Today’s Gospel: John 6:52-59
A year ago, when my then twelve-year-old son, Zack, asked me, right before Communion, if he could drink the consecrated wine, I was caught like a deer in head lights. There’s a strong line of alcoholism that runs through my husband’s family tree, and mine. That heredity thing scares me. I was hoping I could postpone any alcohol passing my kids’ lips for a very, very long time. But here I was with just a split-second to make my decision.
Of course, with that baggage, I wanted to say no. But my Zack is that kid who’s more intrigued when he’s told he can’t have or do something. I knew my saying no, or making a big deal out of it, would have him obsessing. So I said yes, and put the rest in God’s hands. Zack has been drinking the blood of Christ ever since.
Recently, it came up in conversation. I was shocked (and secretly thrilled) when Zack said he thought the wine tasted “disgusting.” I asked him why he continues to drink it if he’s already receiving the host.

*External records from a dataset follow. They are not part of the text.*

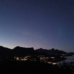 Es war nun also dunkel, hinter den Bergen erneut das Leuchten und am Himmel die Sterne. Ich hielt das Feuer in gang, während die beiden sich umsahen. Bei einem kurzen Blick nach den beiden, bemerkte ich wie Mark auf den Himmel hinter mir deutete und versuchte Michel etwas zu zeigen. Mein Blick folgte seinem Finger und endete da, wo etwas was ich zunächst für eine Wolke hielt, anfing. Michel hatte es immer noch nicht erspäht, aber ich begriff nun was Mark meinte: "Aurora" sagte ich freudig erstaunt in die Runde. Schwach, aber das Handy gab Mark recht. Im Verlauf des Abends und der Nacht, nahm das Spektakel zu. Es überzog den ganzen Himmel, änderte seine Form und faszinierte uns alle gleichermaßen. Immer mal wieder kam ein slovakischer Ausruf des einen, dann wieder des anderen, wenn einer wieder ein besonders schönes Leuchten erspäht hatte. Ich widmete mich abwechselnd dem fotografieren und dem Feuer bzw. meinem darauf garenden Essen; es gab Ravioli, heute mit Fleisch.
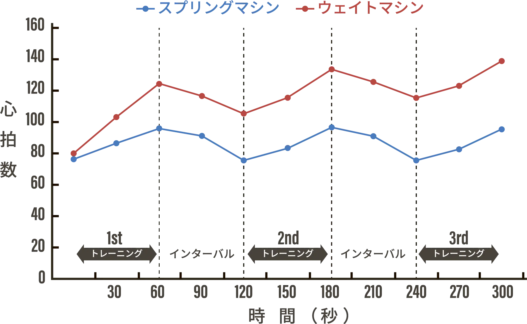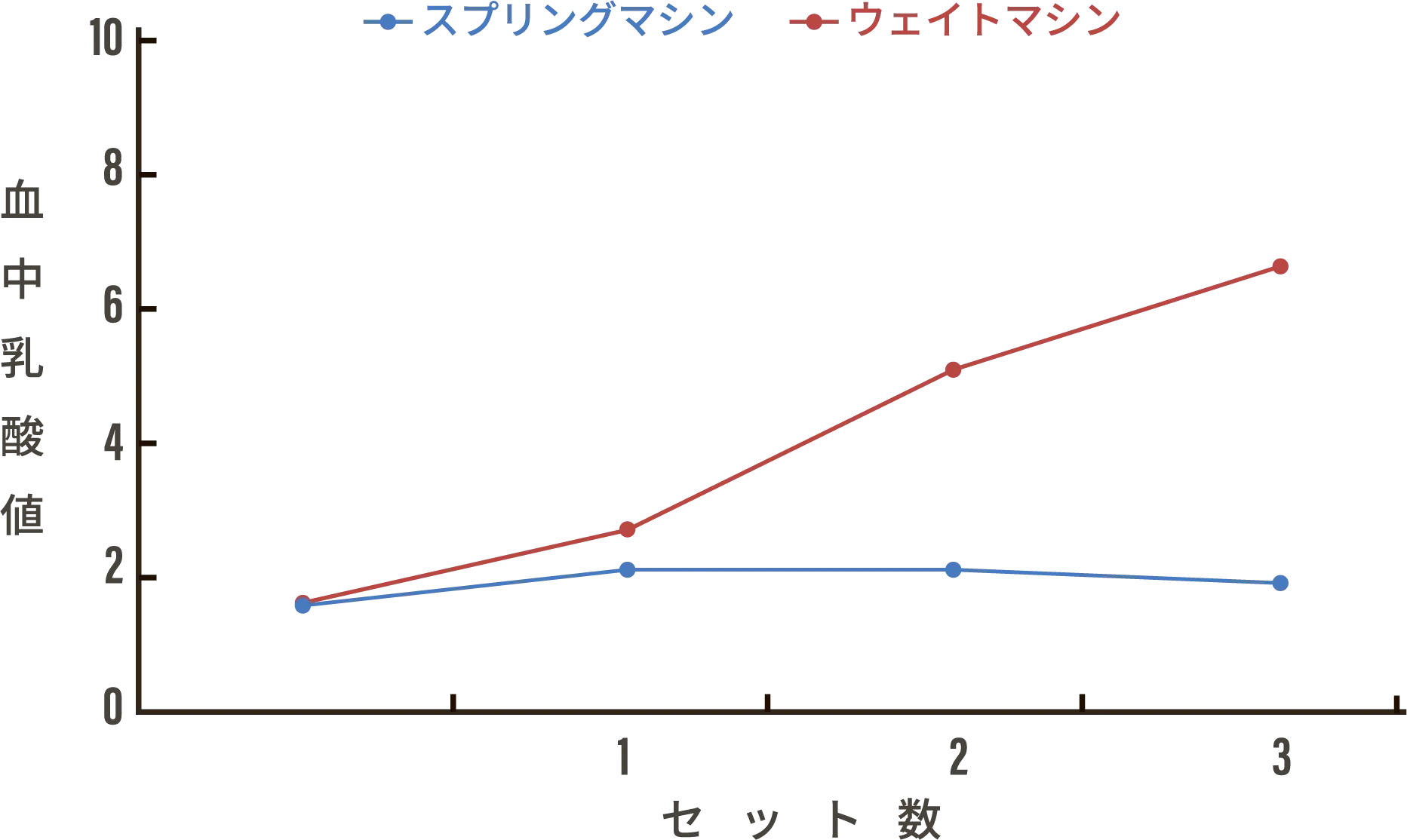 心拍数・血中乳酸値が従来のマシンよりも優位に
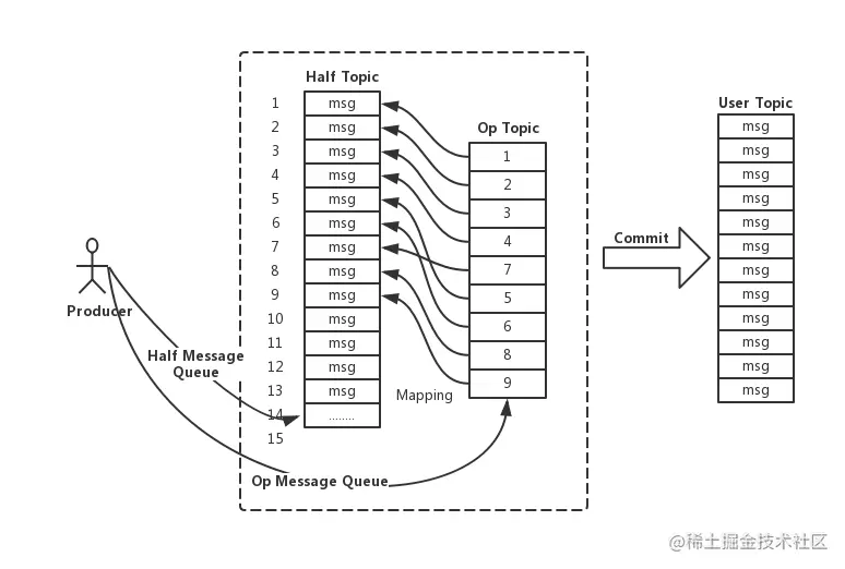 在执行二阶段Commit操作时,需要构建出Half消息的索引。一阶段的Half消息由于是写到一个特殊的Topic,所以二阶段构建索引时需要读取出Half消息,并将Topic和Queue替换成真正的目标的Topic和Queue,之后通过一次普通消息的写入操作来生成一条对用户可见的消息。所以RocketMQ事务消息二阶段其实是利用了一阶段存储的消息的内容,在二阶段时恢复出一条完整的普通消息,然后走一遍消息写入流程。
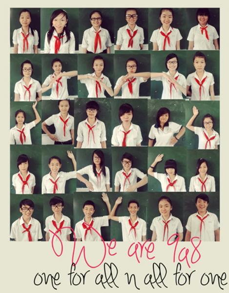 Với xu hướng này, lớp bạn phải chụp rất nhiều ảnh để tạo thành một bức ảnh có nội dung hẳn hoi. Kiểu ghép ảnh này tương tự như trò chơi xếp hình. Điều đặc biệt là slogan của lớp sẽ được chính các bạn tạo thành từ những tấm ảnh bé xinh.
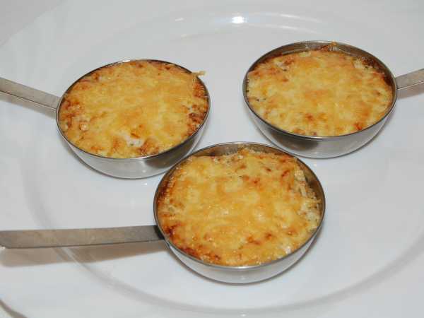 Жульен с кальмарами и креветками готов. Кушать его лучше горячим.
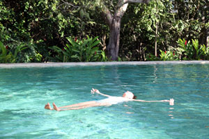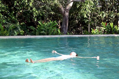 After lunch, we retired to the back forty behind the house, donned our swimsuits and frolicked in the swimming pools. After a few minutes, coconut ice cream was served as dessert at the side of the pool, and the Coronas and wine just kept coming. Needless to say, everyone was smiling all afternoon.
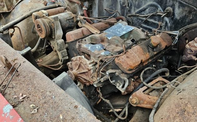 The seller doesn’t share any photos of the convertible car without the tarp covering the top, but tells us that it’s spent most of the time under his ownership inside a shed, and was only recently removed from this more favorable storage area. Red is confirmed to be the factory color, but some bodywork will be needed before this one’s ready for a respray. An object was left on top of the left quarter and filler panel, which resulted in rust on those areas, and the floors and trunk pan are also mentioned as victims of the tin worm. It’s probably safe to assume that the canvas top will also need replacing, but hopefully, the frame rails may still be decent enough to reuse.
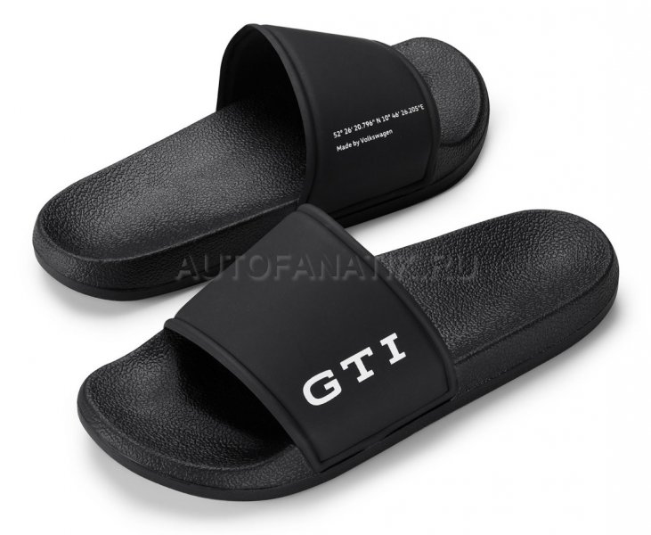 GTI-стиль с ног до головы! Отличная обувь для отдыха - удобные шлёпанцы с логотипом GTI. Мягкая подошва, стойко противостоящая старению и истиранию. Материал: EVA-пена. Цвет: черный.
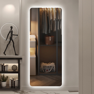 镜子贴墙防爆自粘带灯试衣穿衣镜家用壁挂轻奢玄关智能LED全身镜
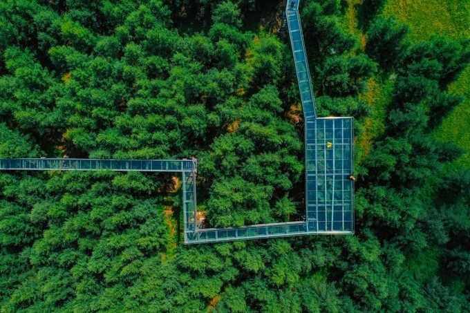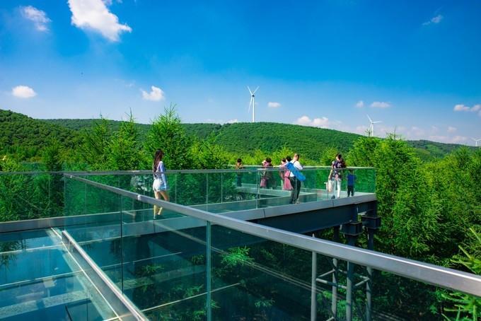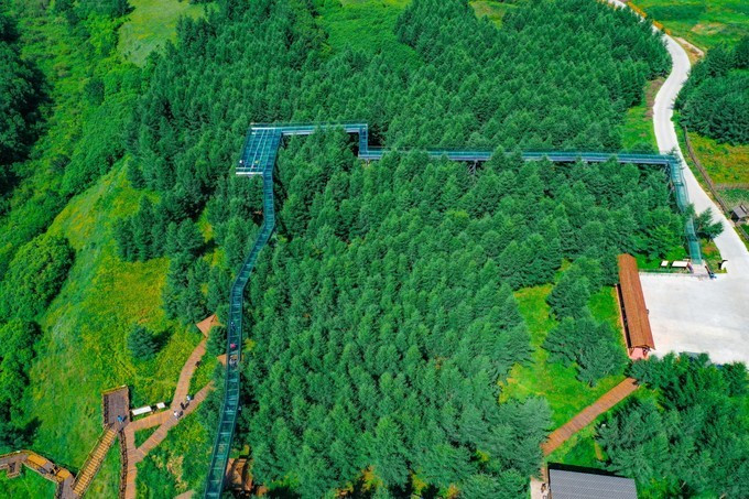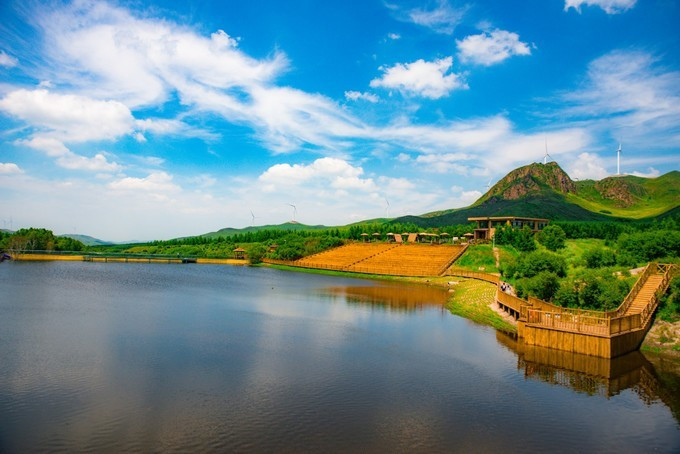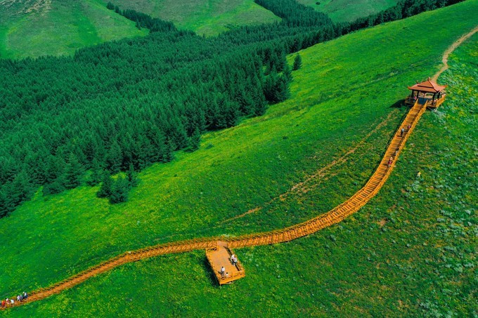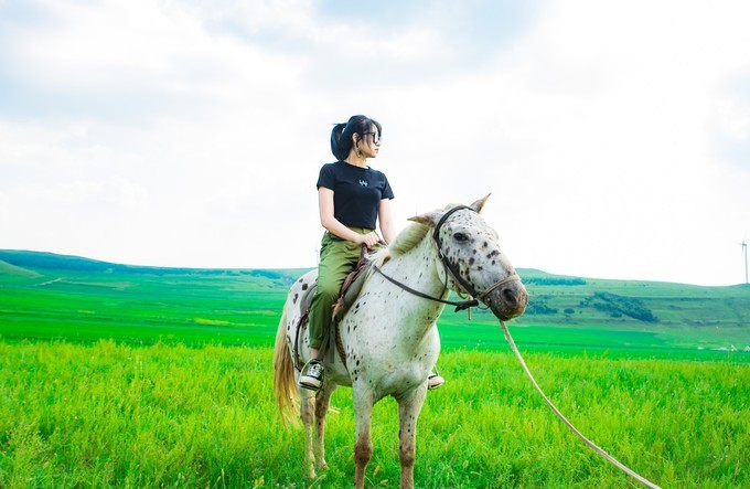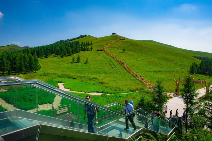 大厅内人流攒动,听口音应该都是来自京津冀的游客。大厅中央摆放着许多当地的特产,例如锅茶、牛板筋、牛肉干、奶条和黑苦荞等等,这些东西现在购买有不少的福利优惠,现在正好对这些企业实行精准扶贫的政策,购买这些产品,比以前优惠不说,达到一定的金额可以享受免费游玩七彩森林的活动,非常的超值。而且这些商品大多数在外面都买不到,送亲戚送朋友是特别好的礼物。穿过售票口到达游览区需要乘坐观光小火车,返程的时候就看自己的心情了,可以一边玩一边走出来,走累了,随时可以在路上拦住返程的小火车搭乘。建议做到最后一站,然后边玩边往回走。丛林部落是小火车的终点站,左侧有一条直上云端的木栈道,顶部的“云亭”海拔最高点约1800米,共有516级台阶。爬上去不是很累,山顶的风光确实绝美。一望无际的丘陵草原、葱葱的万亩森林,远处的天镜湖依稀可见,大有一览众山小的视觉快感。云亭栈道的对面是一段刺激的玻璃空中走廊,有一个有趣的名字——“树梢上的脚步”。有趣的名字,有趣的设计,比起那些建立在悬崖边上的玻璃走廊相比,同样有恐怖刺激的感觉,周围和脚下窜出的树梢,增加了趣味和想象,有种武侠片的感觉,轻功梯云纵,树尖随便飘~旁边的卫生间设计的格外显眼,七彩斑斓的墙砖,外形看起来像是一个倒立的房子。来到草原上必须要体验一次的项目就是骑马,坝上的马虽然不是特别的有名,骑上去有人带着也还算温顺,有的马儿胆子特别小,你如果从它身边路过,它都会紧张的绕开你走;还有的马儿3匹一组2匹一对,亲近的走在一起,不熟的相互排斥,特别的有意思。走到尽头是一片天然的花海密林,里面有适合打卡拍照的网红鸟巢,在草原上拍摄鸟巢的打卡照片还是非常应景的,周围就有悦耳的鸟叫声回荡。【旖旎天镜湖】
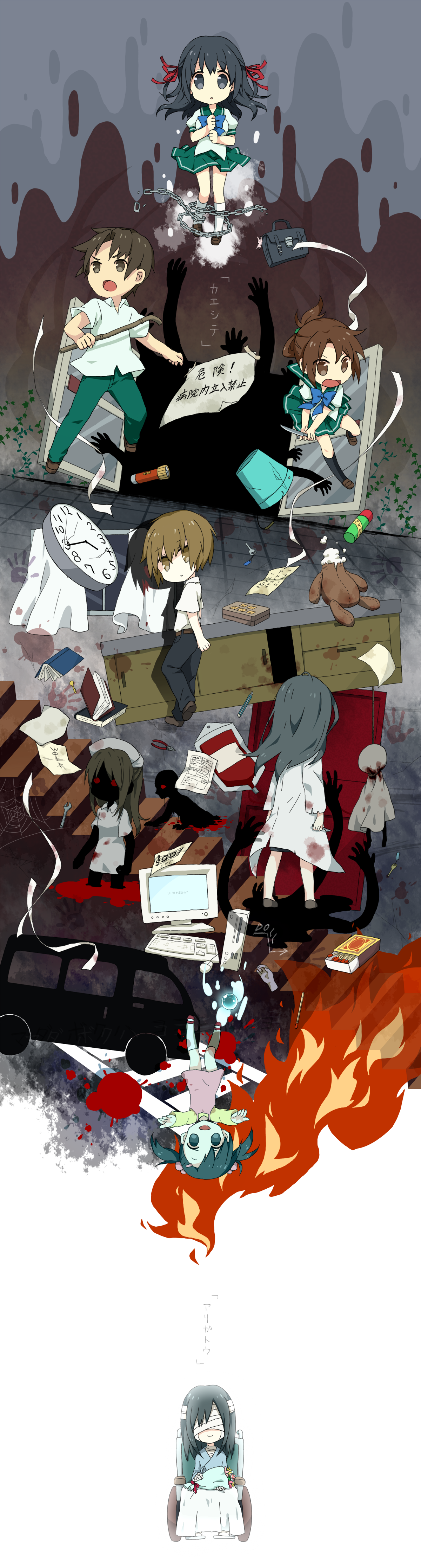 2boys 4girls absurdres agasaki_yuna agasaki_yuna_(real) black_hair blonde_hair blood blood_on_clothes bow brown_eyes brown_hair clock crowbar doctor_agasaki doll_(game) fire fujita_toshiaki highres holding holding_crowbar holding_scalpel kurume_yuki kusunoki_erina lab_coat long_hair mizuki_motoya mother_and_child mother_and_daughter multiple_boys multiple_girls neckerchief nurse parent_and_child ponytail red_bow scalpel school_uniform serafuku shinomaru_hajime short_hair short_ponytail stuffed_toy twintails upside-down wheelchair
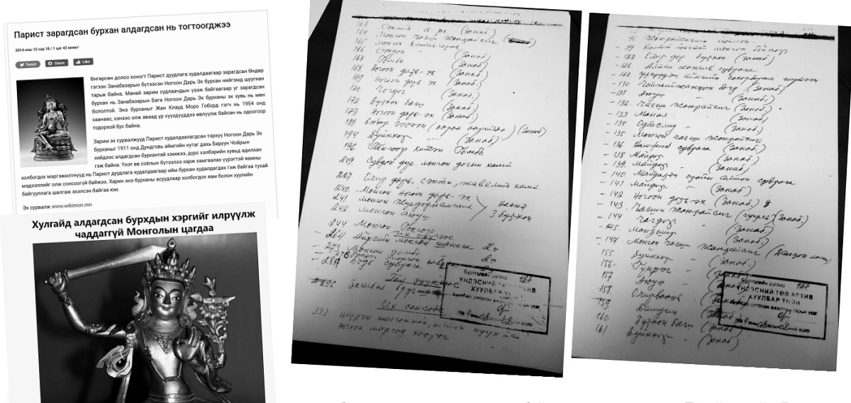 Дээрх тооллогын бүртгэл, бичгээс үзэхэд 1980-аад оны дунд үеэс Гандантэгчэнлин хийд болон музейд байгаа соёлын бүх өвийг паспортжуулж, зургийг нь авч хадгалсан гэж ойлгогдож байна. Гэтэл Франц, Швейцарь, Бээжингийн дуудлага худалдаагаар зарагдаж байгаа Занабазар хийцийн бурхны зураг, урт өндрийн хэмжээ, жин гээд бүх мэдээлэл цацагдаж байхад Монгол Улс яагаад бүртгэл алга, эх сурвалж бүү мэд гээд сууж байдаг юм бол гэж бодогдоно.
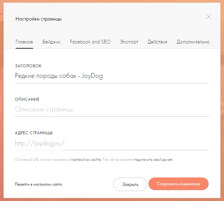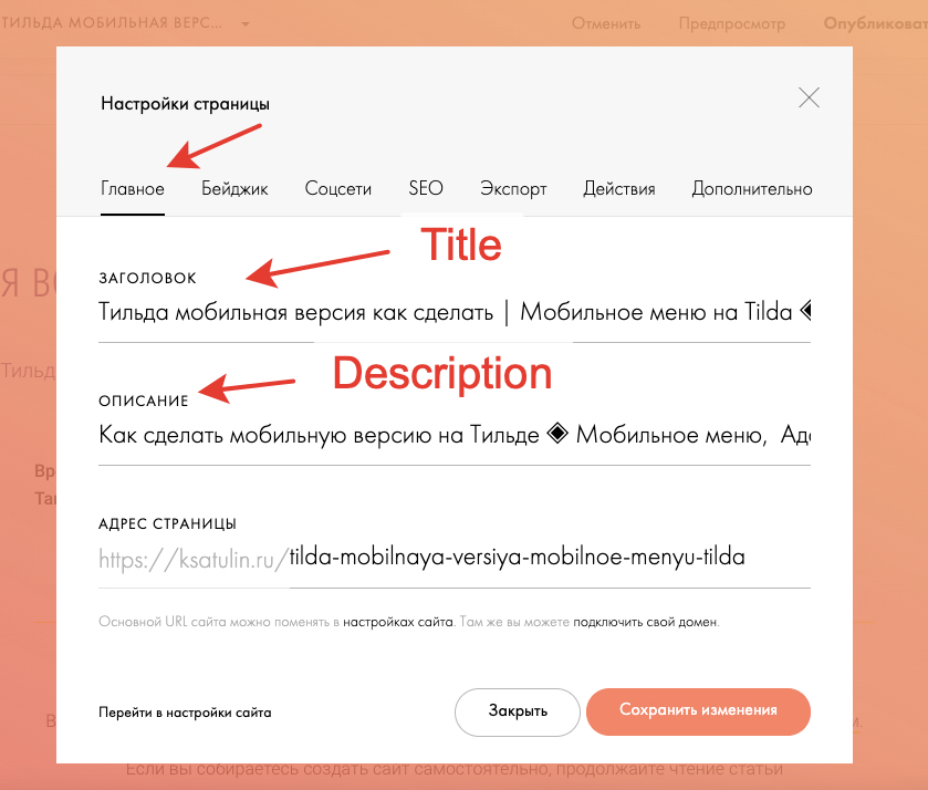 Если вы хотите, чтобы данные для поисковых систем или социальных сетей отличались от тех, что прописаны в настройках страницы, то в настройках страницы перейдите на вкладку «SEO» (или «Соцсети» соответственно), нажмите «Настроить отображение в поисковой выдаче» (или «Настройки отображения в Соцсетях» соответственно). Заполните поля «Заголовок» и «Описание» — они будут выводиться в результатах поиска после следующей индексации сайта.
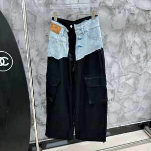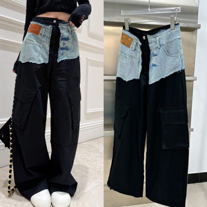 南油先锋设计毛边牛仔撞色拼接高腰工装裤女25秋季新款阔腿休闲裤
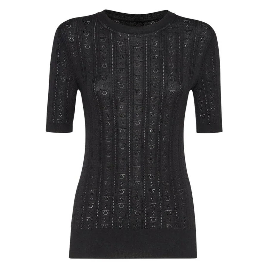 Ferragamo Ladies Tops. Fashion category: Shirts & Blouses. SKU: 110965 751542. Color: Black. Ferragamo Short-Sleeved Gancini Motif Knit Top. Short-sleeved round-neck knit top featuring the iconic Gancini motif. Crafted in lightweight micro ajour wool for a refined and comfortable fit. Material: 100% Wool. Made in Italy. GENERAL Color: Black INFORMATION Brand: Ferragamo Gender: Womens Model: 110965 751542 DETAILS Category: Tops Apparel Type: Shirts & Blouses Material: Wool ADDITIONAL INFO Jomashop Sku: -110965751542N Department: Clothing
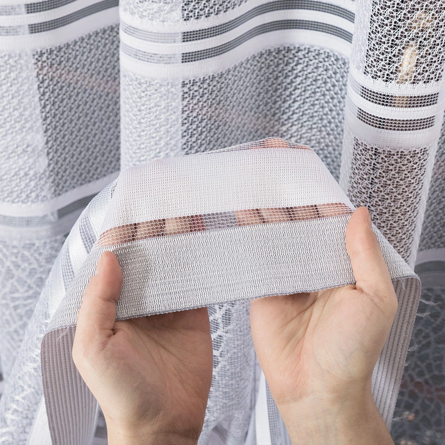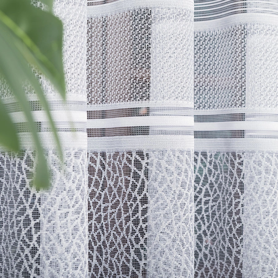 Firanka żakardowa na metry 017834 wykonana z wysokiej jakości przędzy, wyróżnia się trwałością i łatwością w utrzymaniu. Idealnie komponuje się z każdym wnętrzem. Oferujemy również usługę uszycia na wymiar, zapewniając idealne dopasowanie do Twoich okien.

He looked at me with a confused look on his face and said, “Mommy, it’s the blood of Christ. Who cares what it tastes like. It’s more important to get as much of God as I can. Why wouldn’t I want both His flesh and His blood?”
My kids humble me all the time. But I have to admit, this time topped all the rest. Studying theology and reading the Bible are wonderful ways to increase our faith. But in order for God to truly remain in us, and us in Him, we need to ingest our faith as concretely as we do the consecrated host and wine at Mass.
Do I ingest my faith as concretely as I do Christ’s flesh and blood at Communion?
Eternal God, remind me to take advantage of every opportunity to ingest You so I may remain in You, and You in me.